----- Provided data

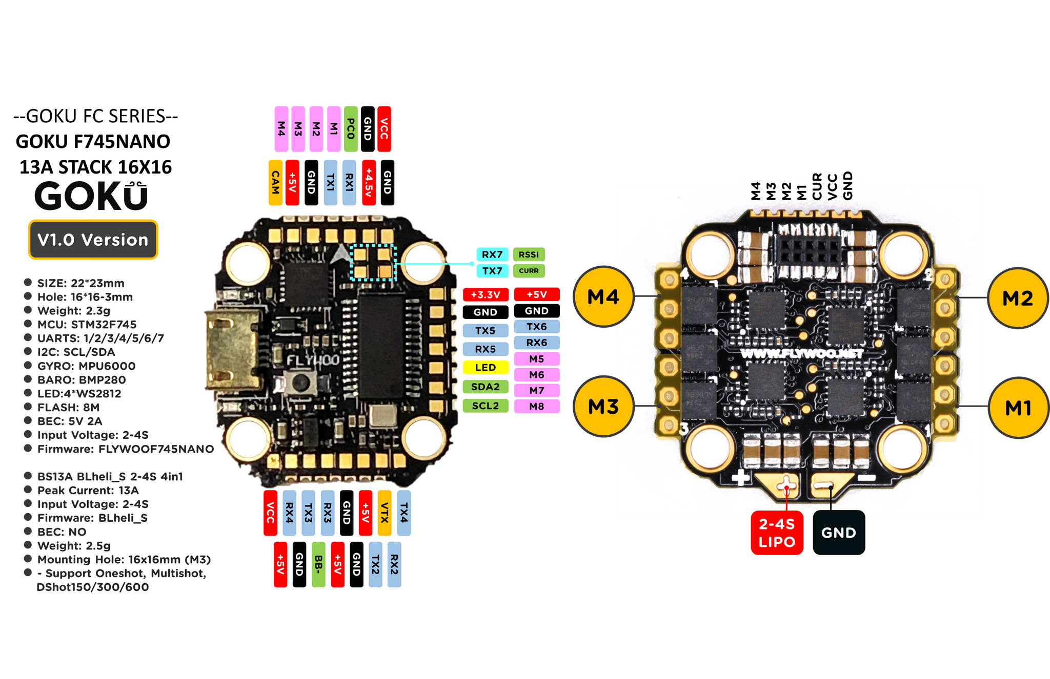 It is specifically designed to be pin mounted to the Goku BS13A / 20A / 35A 4in1 16x16 ESCs but can also be soldered via pads. The programmable WS2812 LED on each corner provide low profile lighting for this tiny FC.
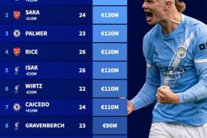 最新英超身價(jià)前十:哈蘭德2億 伊薩克降至1.2億 維爾茨降至1.1億
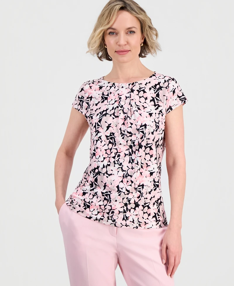 Kasper Women's Floral Pleat-Front Cap-Sleeve Top in Franklin, TN

----------

» Task objective
Copy the material above word for word, images excluded.

» Solution
 It is specifically designed to be pin mounted to the Goku BS13A / 20A / 35A 4in1 16x16 ESCs but can also be soldered via pads. The programmable WS2812 LED on each corner provide low profile lighting for this tiny FC.
 最新英超身價(jià)前十:哈蘭德2億 伊薩克降至1.2億 維爾茨降至1.1億
 Kasper Women's Floral Pleat-Front Cap-Sleeve Top in Franklin, TN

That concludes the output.